Is Marriage for White People?
I’ve been preaching a series on marriage at our church, and in preparing for the series I stumbled across this book on Amazon. Like you the provocative title caught my eye, and so a few days later I found myself immersed in its pages.
Ralph Richard Banks has written a disturbing assessment of the African American family. A professor at Stanford University, Dr. Banks has provided us with a heart breaking diagnoses on the state of the Black family. For example, he writes:
“Over the past half century, African Americans have become the most unmarried people in our nation. By far. We are the least likely to marry and the most likely to divorce; we maintain fewer committed and enduring relationships than any other group. Not since slavery have black men and women been as unpartnered as we are now” (p.2).
Of course any diagnoses of the crises in the African American community would have to deal with the absence of strong Black men:
“Black women of all socioeconomic classes remain single in part because the ranks of black men have been decimated by incarceration, educational failure and economic disadvantage. In recent years, two black women have graduated college for every one black man. Two to one. Every year. As a result, college educated black women are more likely than college educated women of other races to remain unmarried or to wed a less educated man who earns less than they do” (pages 2-3).
The fifty-percent failure rate in marriage has become a popular statistic, but in the African American community the divorce rate is close to two-thirds! It’s no wonder I found myself at various points in Dr. Banks’ book fighting back tears.
As the book progresses Dr. Banks dives into the question of why? Why are strong homes particularly rare in the Black community? The absence of strong men, interracial relationships, the educational and therefore the economic disparity, the disproportionate amount of available women to men, have all swung the pendulum in favor of the few viable African American men. Aware of this power, Dr. Banks offers, these available men play the field, sadder still, the women allow themselves to be played.
The result is devastating. Dr. Banks notes that, “Most alarmingly, almost half of all Black women have herpes” (p.64).
He goes onto write:
“According to incidence rates provided by the Centers for Disease Control and Prevention, black women are nearly fifteen times as likely as white women to be newly infected with HIV. And they are more likely than white women to have contracted the disease through heterosexual contact. Estimates are that more than three out of every four HIV+ black women have been infected through sex with a man. And because women may pass the virus on to their newborns, African American children comprise nearly two-thirds of all HIV+ young children in the United States” (p.65).

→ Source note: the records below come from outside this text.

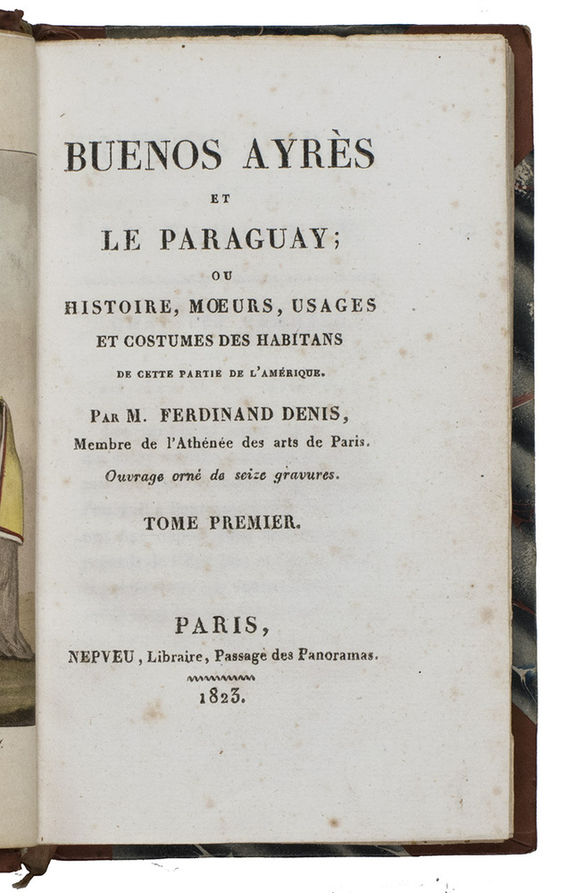 Rare first edition of this nicely illustrated work on the history, customs, traditions and costumes of Buenos Aires and Paraguay. Ferdinand Denis (1798-1890) was a French consul who decided to seek his fortune in South America. He left Le Havre in 1816, traveled for several years through, amongst others, Brasil, Argentina, Paraguay and Chile, but was just as poor when he returned to France in 1819. In the years that followed he wrote many books on his experiences in South America, the present work being one the more rare ones today.
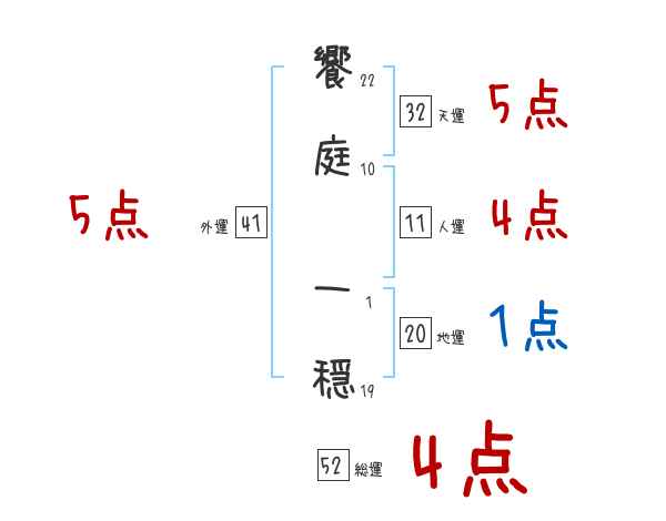 天運![]() | 饗庭一穏さんの天運は32画の5つ星!柔軟性があり成功する。チャンスが多く金運が良い。 家系が持つ宿命的な運勢を表します。祖先から受け継いだ苗字ですので自分の力が及びません。家柄を象徴します。 |
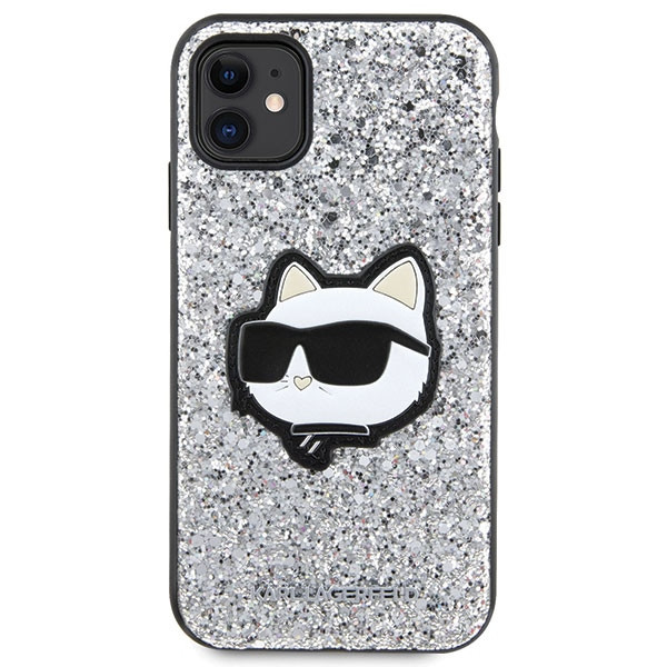 Karl Lagerfeld iPhone 11/Xr Glitter Choupette Patch (KLHCN61G2CPS) hátlap, tok, ezüst
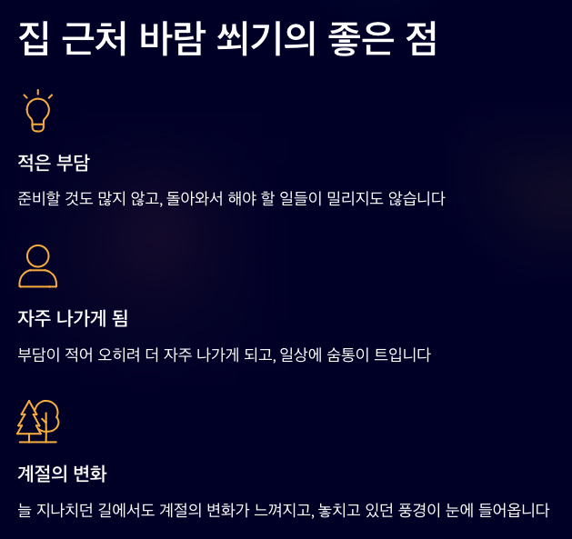 집 근처 바람 쐬기의 좋은 점
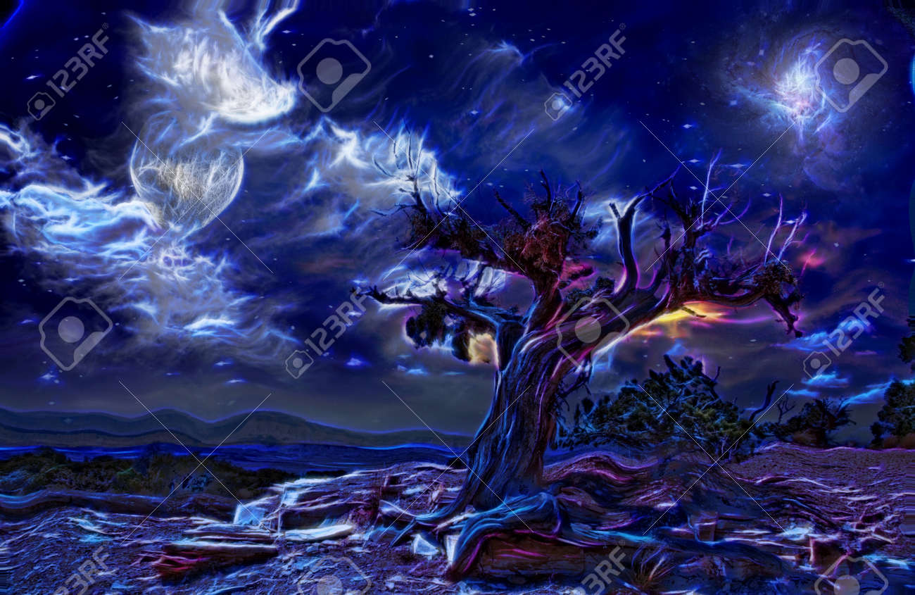 Pintura Surrealista Arbol Viejo Luna Llena Y Nubes Misticas En El Cielo Fotos Retratos Imagenes Y Fotografia De Archivo Libres De Derecho Image 80004366
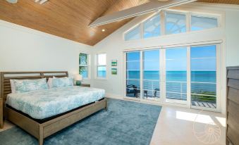 The spacious master bedroom is equipped with a king sized bed and private balcony for an unforgettable birds eye view of the turquoise waters. The private en suite bath features double vanities, a separate shower, soaking tub and water closet. There are two additional bedrooms upstairs, each equipped with queen beds and en suite bathrooms. The fourth queen bedroom is on the main level with a neighboring bathroom.
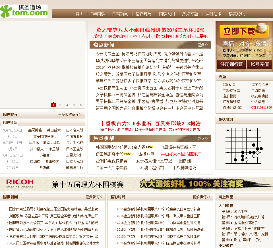 TOM棋圣道场于2020-08-01被0702投稿网收录,网站相关信息来自互联网或网友分享!由于(TOM棋圣道场)网站内容动态属性,时刻在变动,本站无法保证(TOM棋圣道场)网站内容真实可靠!请大家查阅时,谨慎选择、自辩真伪,感谢您的理解与支持。如果您在访问(TOM棋圣道场)时发现:网址失效、或网站存在非法等相关内容,请及时联系我们,我们会第一时间处理。

Sadly, everyone knows that a tributary of the marriage crisis is abortion, and that is heightened even more in the African American community:
“Years of national abortion statistics reflect troubling racial disparities. Black women have a disproportionate number of abortions in the United States, as a black woman is four to five times as likely as a white woman to have an abortion in any given year. According to data from the Centers for Disease Control and Prevention, African Americans, who constitute 13 percent of our nation’s female population, have more than one out of three abortions. Each year black women abort have a million fetuses. That figure exceeds the annual number of African Americans who are sent to prison, drop out of high school, or are victimized by violent crime” (pages 80-81).

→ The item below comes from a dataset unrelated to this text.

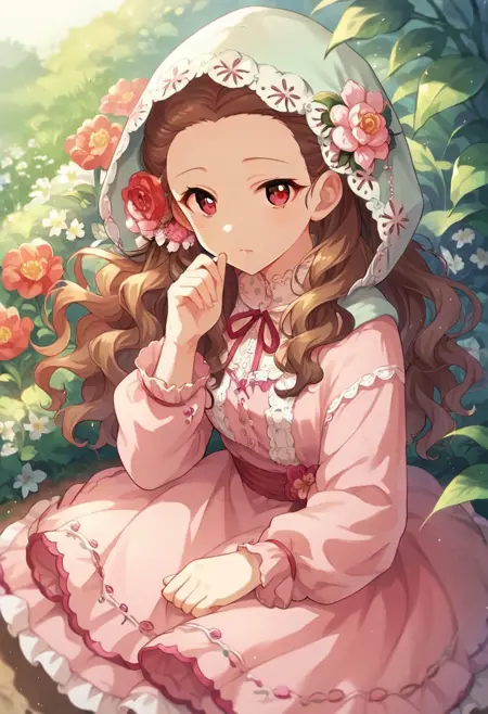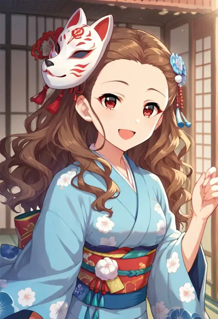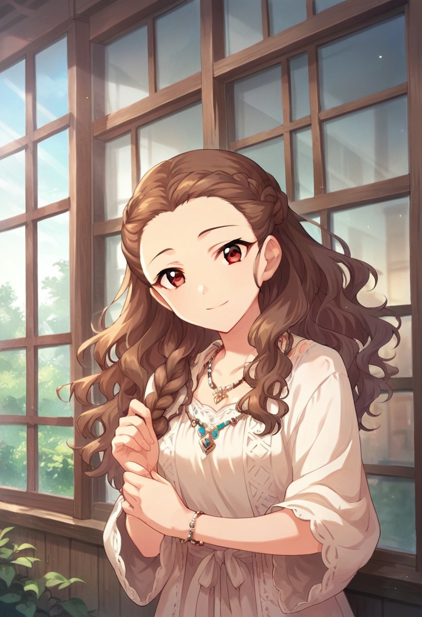 Trigger Words: seki hiromi, long hair, brown hair, red eyes, wavy hair

Is Marriage for White People? provides the reader with a simple diagnoses, it’s just an Xray, with no real solutions being offered. Problems are exposed, yet help is not suggested. In an ironic sense I felt myself both devastated and inspired as I pored over the pages of Dr. Banks’ text.
Marriage is the first institution God created. Before government or the church, there was Adam and Eve. He planted this married couple in the garden and gave them authority to exercise dominion, and to be fruitful and multiply. Years later, as Israel was about to go into the Promised Land, Moses instructed them in the great Shema passage that the primary vehicle of influence in this pagan place was to be the family (Deuteronomy 6:4-9). Dr. Tony Evans was right when he said that the primary venue for the transference of faith from one generation to the next is the home. Of course I am not pitting the church against the home, but it’s undeniable that Jesus, Paul and the leaders of the early church understood that there was an inextricable connection between strong churches and strong families (Matthew 19; Ephesians 5). Our churches need a steady diet of teaching on the family. Crisis counseling is not enough. Our people need to be shown consistently, from the Scriptures, God’s hopes and dreams for the home.
Is Marriage for White People? not only inspired my preaching, but my living as well. By God’s grace I want to be an example of an African American man who loves his wife for life. I want to love Korie as Christ loved the church. I want to show up for my kids, and uphold the vows that I took before God and the presence of several hundred witnesses on that warm Southern California July day in 1999.